Мы видим маленькую фигурку, быстро, почти бегом, шагающую по безлюдной, полутемной улочке. Здесь меньше прохожих, почти нет транспорта. Убийца то и дело тревожно оглядывается. Но смотрит он лишь назад, а не наверх – все нью-йоркское небо утыкано частными вертолетами, и они привлекают внимание только в тех случаях, когда падают кому-нибудь на голову.

– Держитесь той же высоты, Алвин! – предупреждает ведущий. – А то еще спугнете! Какая это улица? Я сейчас свяжусь с полицией.

– Это возле Гансвуртского рынка! – кричит кто-то из зрительного зала.

– 114 западная! – уточняет другой.

– Спасибо, Алвин, я уже в курсе.

Весь этот разговор ложится на кадры мрачной улицы, по которой спешит убийца.

Переключение. Ведущий набирает телефонный номер.

– Полиция! – кричит он. – Полиция! – он чертыхается. – Что-то с телефоном! – он хватает другую трубку. – Почему нет связи с полицией?.. Что? Вся наша телефонная система не действует, еще один сюрприз. Сейчас единственная надежда на наш вертолет.

Я всматриваюсь в возбужденные лица зрителей. Не может быть, чтобы они не разгадали дешевого трюка.

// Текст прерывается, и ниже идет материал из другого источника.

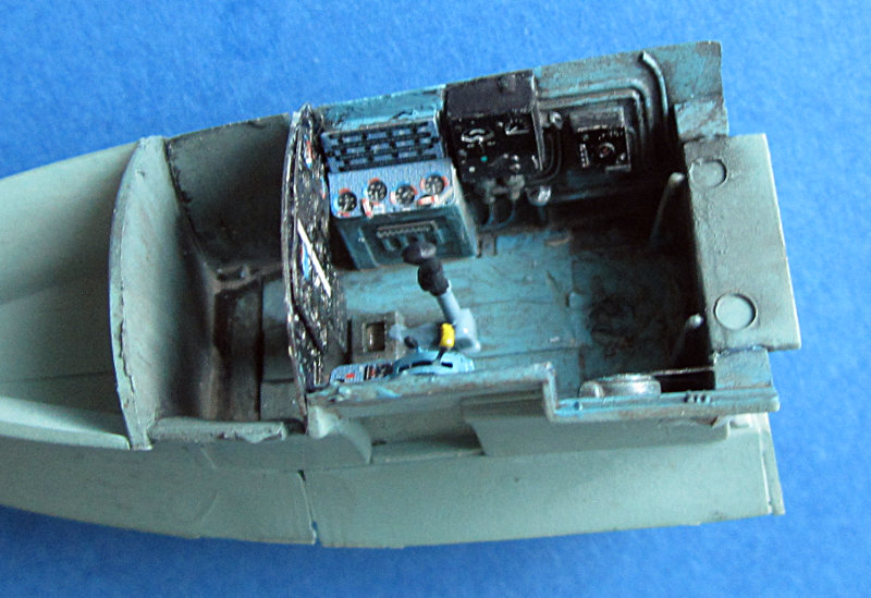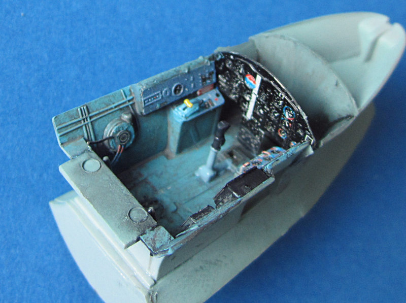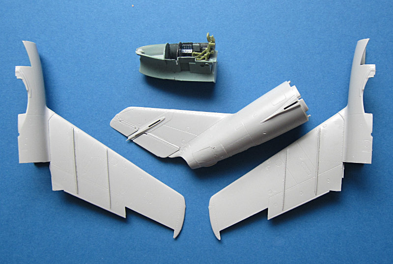 Dieser ließ sich dann nicht so schön bauen, wie angenommen und erforderte auch mehrfache Unterbrechungen, damit der Hobel nicht an der Wand landete. Im Cockpit habe ich den Eduard Zoom Satz und einen Sitz von NeOmega verbaut. Hier ist natürlich ein wenig Anpassungsarbeit vonnöten gewesen, aber nichts wirklich Dramatisches. Das Modell sollte geschlossen dargestellt werden, daher konnte ich den ganzen Triebwerkszusammenbau auf wenige Teile reduzieren. Auch die Bremsklappen sollten geschlossen sein. Nachdem nun das Heck zusammengebaut war, kam das große Spachteln, Schleifen und Nachgravieren. Eigentlich kein Problem, aber gerade letzteres macht mir keinen Spaß.

Будь даже все телефонные провода оборваны, круглому идиоту и то должно быть ясно, что связь с полицейскими можно установить при помощи парящих над ними вертолетов. Но ни один человек в зале и не заикается об этом.

Ни один из сидящих у домашнего телевизора не поддается первому порыву – позвонить в полицию самому.

Они чувствуют себя монопольными владельцами небывалого события, они желали бы продлить его до бесконечности, пуще смерти они боятся той минуты, когда убийца будет пойман.

Словно почувствовав это, он замедляет шаг, останавливается, вытирает носовым платком лицо и липкие от страха руки. Потом идет дальше обыкновенной, чуть убыстренной походкой спешащего домой человека.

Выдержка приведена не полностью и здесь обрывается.